# Wie alte Windows 95, 98 Spiele aufzeichnen



## Derber-Shit (25. Januar 2017)

Hallo liebe PCGH-Community,

ich habe mal wieder richtig Lust, zum x'ten Mal diverse alte Spiele durchzuspielen!
Für meine Kollegen wollte ich auch etwas bieten und die Spielesessions aufzeichnen, ähnlich wie in einem Stream.

Aber nun stelle ich mir die Frage, wie ich mit einem alten Windows 95/Windows 98 PC bewerkstelligen kann?
Bei einem aktuellen Spiel hätte ich entweder AMD ReLive oder FRAPS benutzt - bei ersterem hätte ich sogar noch eine FaceCam benutzen können.+

Leider ist der Kompatibilitätsmodus unter Windows 10 keine Alternative. Habe es schon mit einem meiner liebsten alten Spiele probiert aber es funktioniert nicht.

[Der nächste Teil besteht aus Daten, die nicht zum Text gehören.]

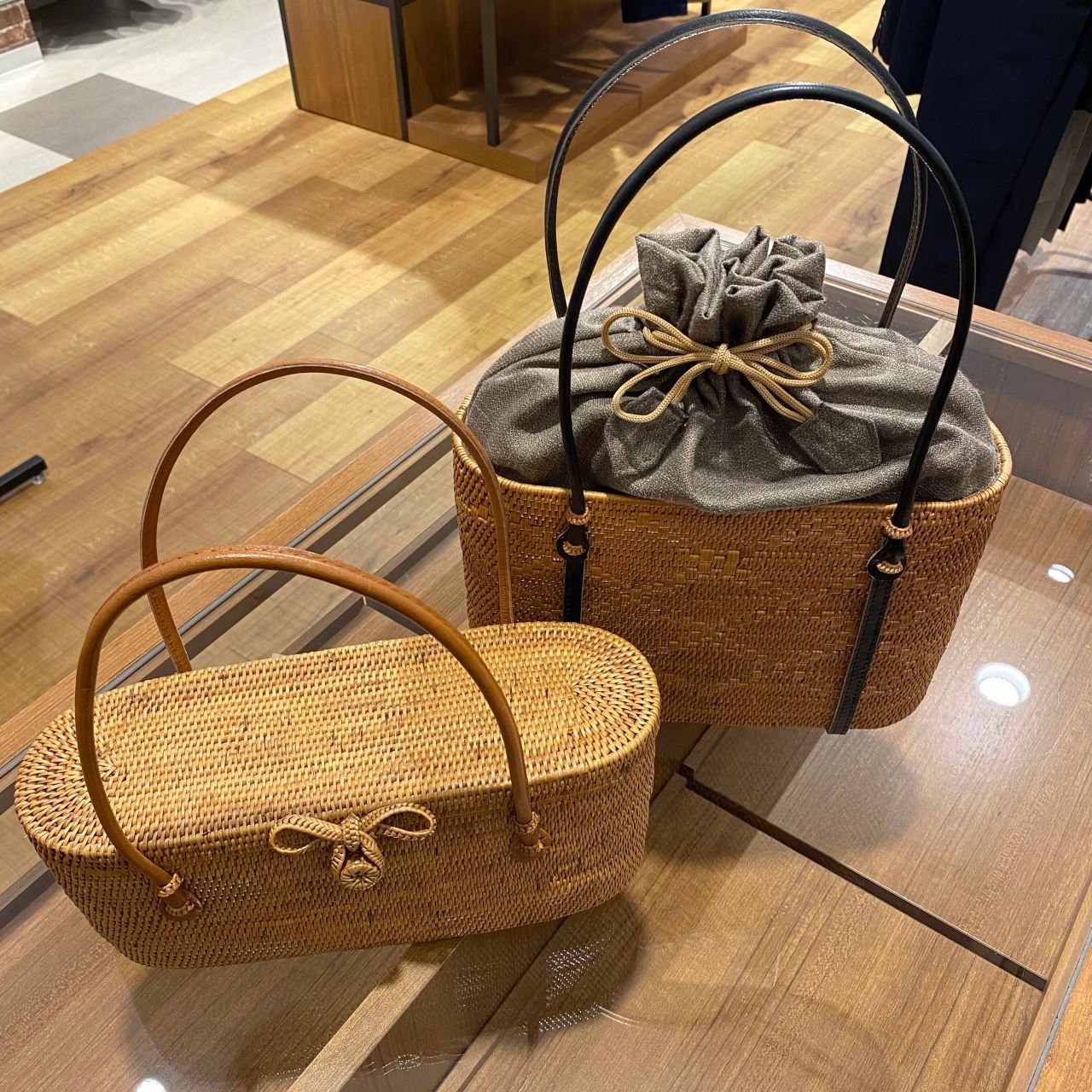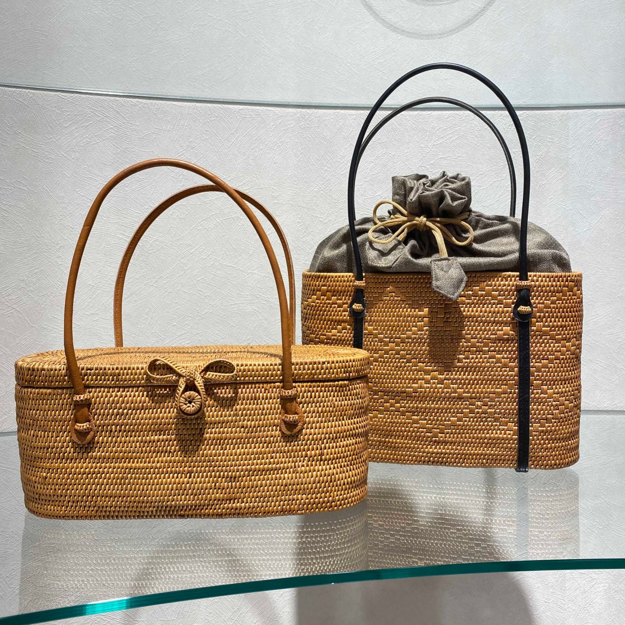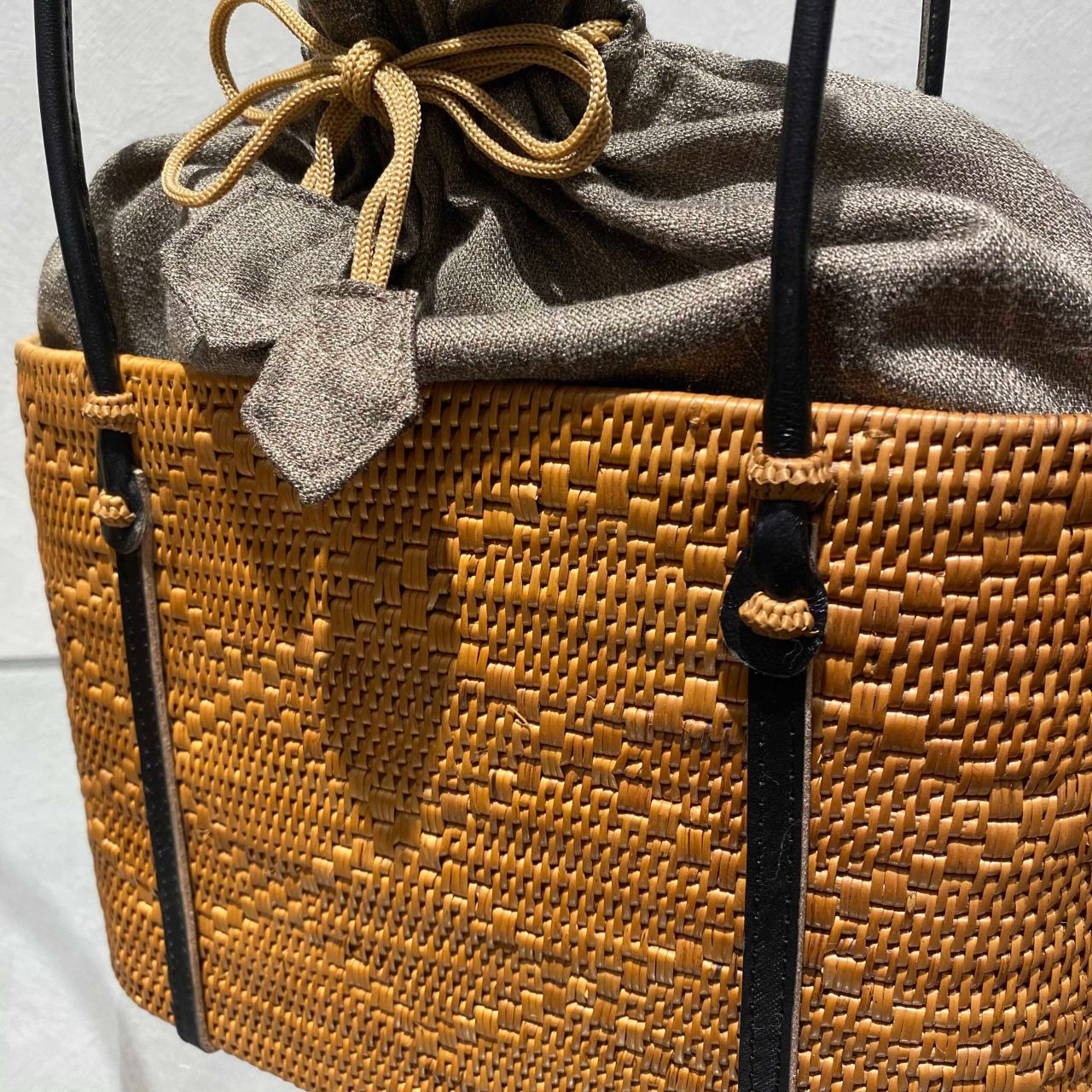 楕円持ち手革 巾着付 (右)

Habt ihr eine Ahnung oder eine Idee? Würde auch vor einer Anschaffung nicht zurückschrecken, wenn man damit auch in Zukunft noch etwas anfangen kann.


Liebe Grüße

Derber-Shit


----------



## Kotor (25. Januar 2017)

Hi,

entweder du schaffst es das/die Spiele auf Windows10 zum Laufen zu bringen und verwendest OBS Studio, Fraps, AMD, .... 
Erzähl mal was deine liebsten Spiele sind - vlt gibts da Lösungen unter Windows10.

oder 

du suchst nach einer Capture/Grabber Card ....

Welche Video Ausgänge hat dein alter Win95/98 PC ? 

- Videoausgang LogiLink Audio und Video Grabber USB 2.0: Amazon.de: Computer & Zubehor
- HDMI/DVI/VGA Grabber -> sehr teuer ! 

kotor


----------



## TheNewNow (25. Januar 2017)

Die einfachste Methode wäre wohl eine Capture Card, wenn du HDMI verwendest. Aber die hat natürlich auch ihren Preis und du brauchst einen 2. PC.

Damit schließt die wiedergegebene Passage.